*** Opening of Data shown ***

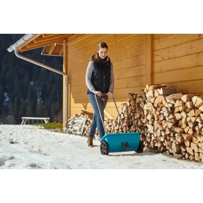 Der Gardena Streuwagen L eignet sich optimal zum komfortablen Ausbringen von Dünger und Streusalz auf mittelgroßen Flächen. Er lässt sich einfach über die Auf-/Zu-Funktion per Handgriff bedienen, an dem auch die Streumenge eingestellt wird. Der Abdeckschieber schließt den Streubehälter so dicht ab, dass im Stand, beim Befüllen oder nach Gebrauch nichts nachrieselt. Die spezielle Streuwalze verteilt das Streugut absolut gleichmäßig, sauber und nur an den Stellen, wo es auch hin soll.
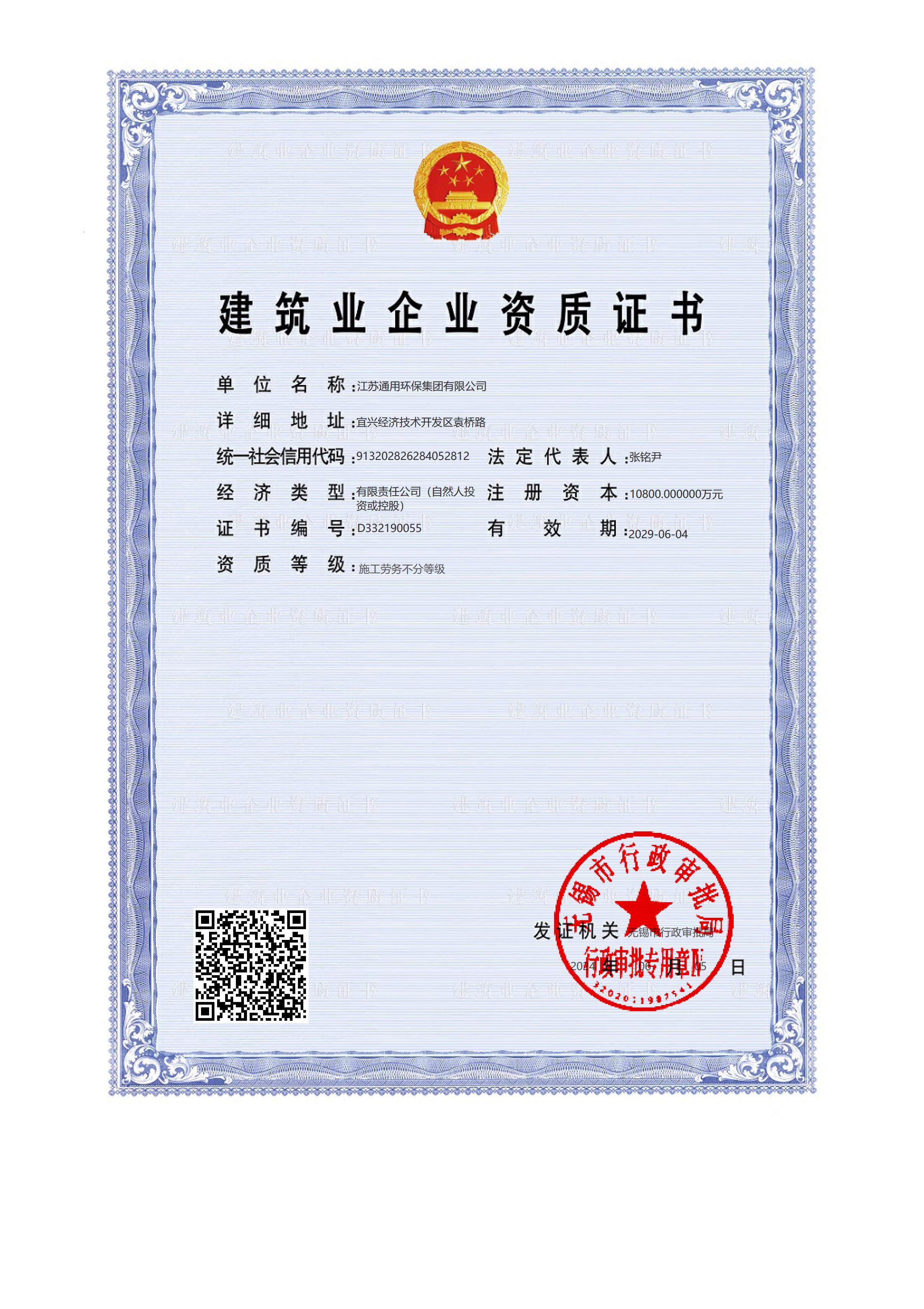 市政总承包贰级、电子与智能化承包贰级、机电安装承包贰级、环保工程专业承包壹级
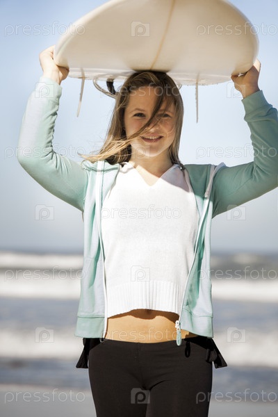 Девушка с доской для серфинга
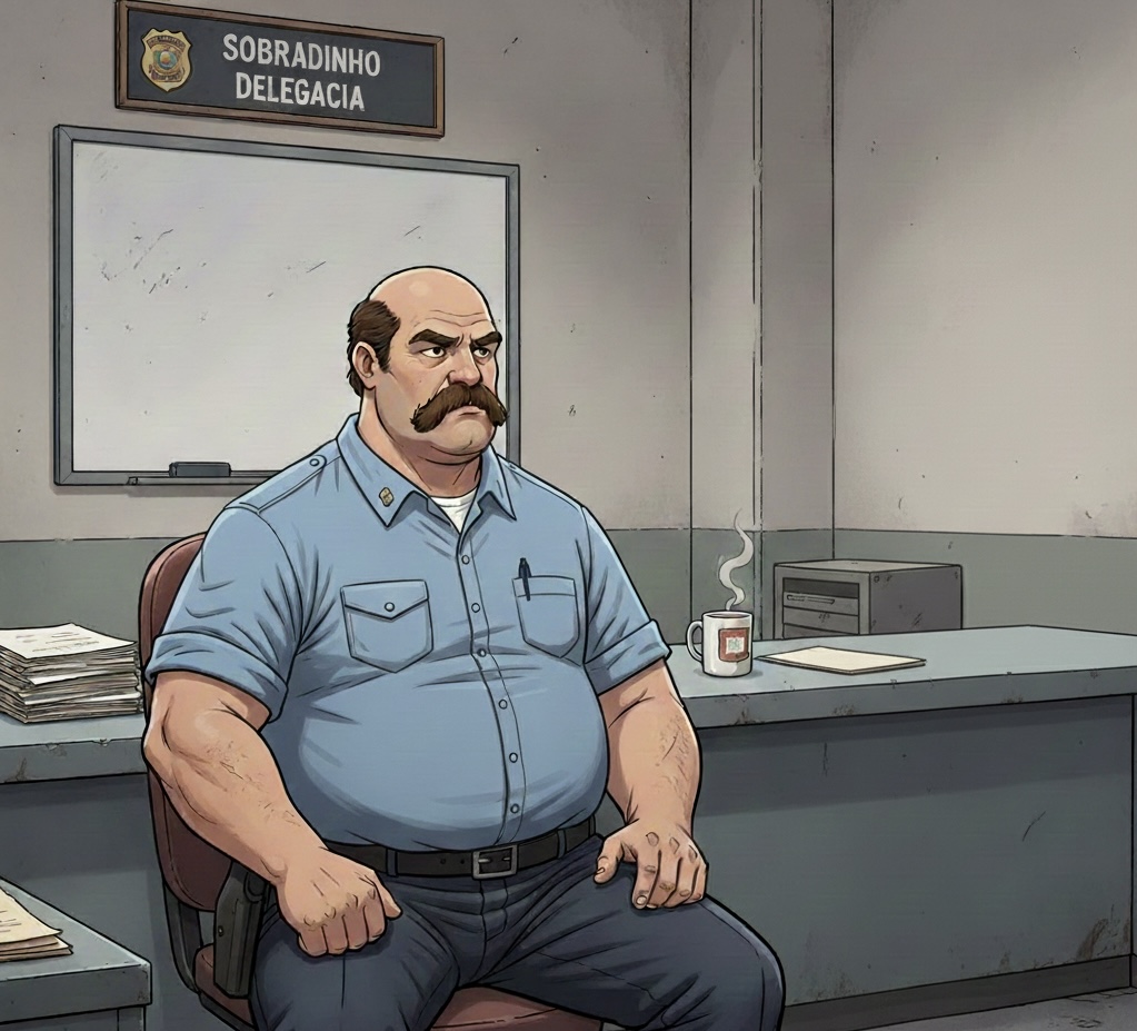 Santana, para manter a tradição, foi trabalhar com o mau humor que todos na delegacia já conheciam. Mal entrou, fez questão de fazer bico e ir direto para cozinha, onde a Sissi acabara de passar o milagroso café que mantinha toda a equipe de plantão acordada.
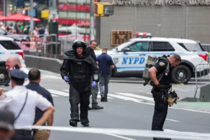 A Times Square, um dos pontos turísticos mais movimentados de Manhattan, foi esvaziada nesta segunda-feira (18) após uma ameaça de bomba. O Departamento de Polícia de Nova York orientou moradores e turistas a evitarem a região da Rua 43 Oeste com a 7ª Avenida enquanto a ocorrência era investigada.

*** Close of Data shown ***

Problem requirements — Exclude the images and reproduce the remaining data exactly.

Answer section —
 Der Gardena Streuwagen L eignet sich optimal zum komfortablen Ausbringen von Dünger und Streusalz auf mittelgroßen Flächen. Er lässt sich einfach über die Auf-/Zu-Funktion per Handgriff bedienen, an dem auch die Streumenge eingestellt wird. Der Abdeckschieber schließt den Streubehälter so dicht ab, dass im Stand, beim Befüllen oder nach Gebrauch nichts nachrieselt. Die spezielle Streuwalze verteilt das Streugut absolut gleichmäßig, sauber und nur an den Stellen, wo es auch hin soll.
 市政总承包贰级、电子与智能化承包贰级、机电安装承包贰级、环保工程专业承包壹级
 Девушка с доской для серфинга
 Santana, para manter a tradição, foi trabalhar com o mau humor que todos na delegacia já conheciam. Mal entrou, fez questão de fazer bico e ir direto para cozinha, onde a Sissi acabara de passar o milagroso café que mantinha toda a equipe de plantão acordada.
 A Times Square, um dos pontos turísticos mais movimentados de Manhattan, foi esvaziada nesta segunda-feira (18) após uma ameaça de bomba. O Departamento de Polícia de Nova York orientou moradores e turistas a evitarem a região da Rua 43 Oeste com a 7ª Avenida enquanto a ocorrência era investigada.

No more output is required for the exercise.